DESCRIPTION OF THE TASK.
Only the pictures should be dropped; every line of the data must come back exactly as written.

COLLECTED DATA.
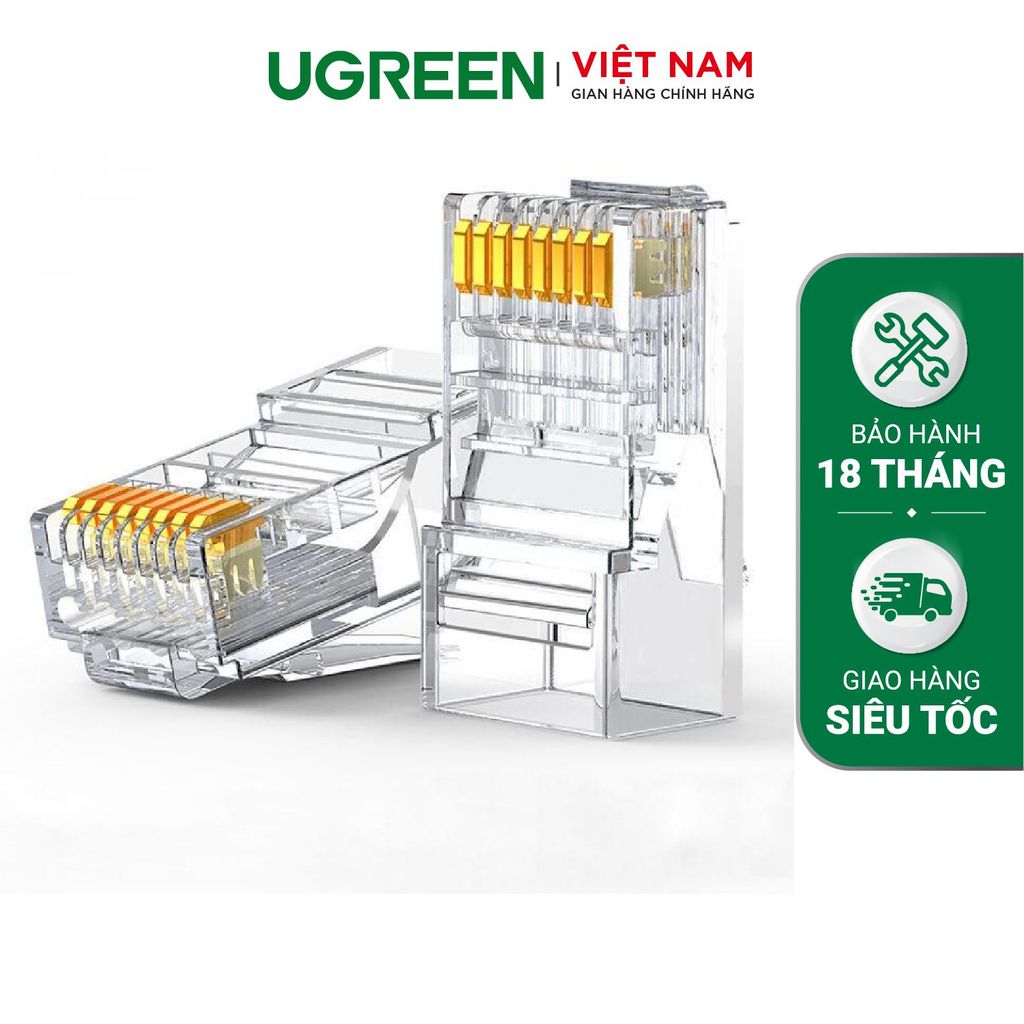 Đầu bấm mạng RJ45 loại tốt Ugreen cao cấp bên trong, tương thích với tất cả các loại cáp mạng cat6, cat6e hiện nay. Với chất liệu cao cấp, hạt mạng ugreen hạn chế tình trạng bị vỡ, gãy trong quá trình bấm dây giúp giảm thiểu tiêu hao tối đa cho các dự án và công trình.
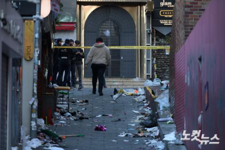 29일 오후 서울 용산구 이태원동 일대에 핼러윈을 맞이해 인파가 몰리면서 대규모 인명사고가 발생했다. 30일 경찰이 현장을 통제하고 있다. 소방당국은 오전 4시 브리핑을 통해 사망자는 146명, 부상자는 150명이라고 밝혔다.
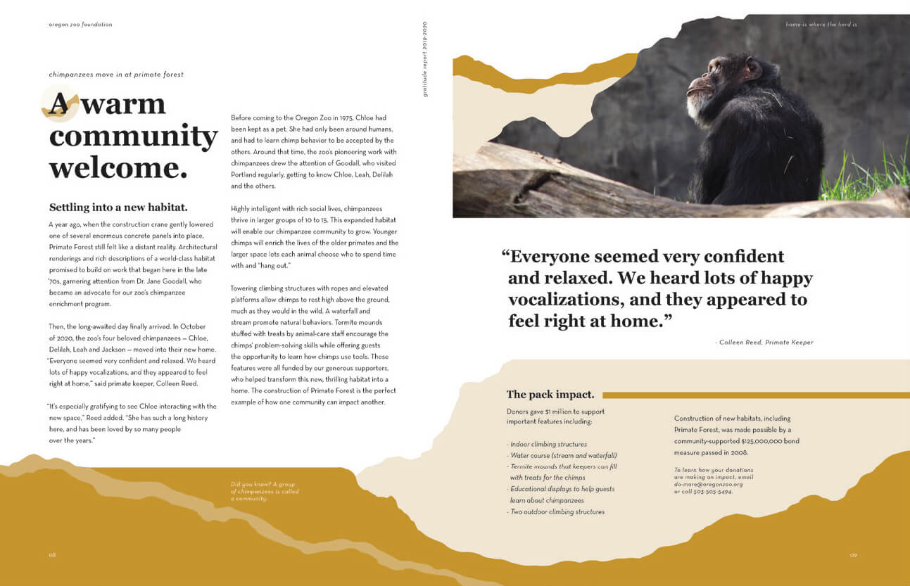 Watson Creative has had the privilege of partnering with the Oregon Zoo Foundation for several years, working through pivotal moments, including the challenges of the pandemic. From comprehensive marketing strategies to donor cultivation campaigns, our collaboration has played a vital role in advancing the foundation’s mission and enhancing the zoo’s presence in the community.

WORKED SOLUTION.
 Đầu bấm mạng RJ45 loại tốt Ugreen cao cấp bên trong, tương thích với tất cả các loại cáp mạng cat6, cat6e hiện nay. Với chất liệu cao cấp, hạt mạng ugreen hạn chế tình trạng bị vỡ, gãy trong quá trình bấm dây giúp giảm thiểu tiêu hao tối đa cho các dự án và công trình.
 29일 오후 서울 용산구 이태원동 일대에 핼러윈을 맞이해 인파가 몰리면서 대규모 인명사고가 발생했다. 30일 경찰이 현장을 통제하고 있다. 소방당국은 오전 4시 브리핑을 통해 사망자는 146명, 부상자는 150명이라고 밝혔다.
 Watson Creative has had the privilege of partnering with the Oregon Zoo Foundation for several years, working through pivotal moments, including the challenges of the pandemic. From comprehensive marketing strategies to donor cultivation campaigns, our collaboration has played a vital role in advancing the foundation’s mission and enhancing the zoo’s presence in the community.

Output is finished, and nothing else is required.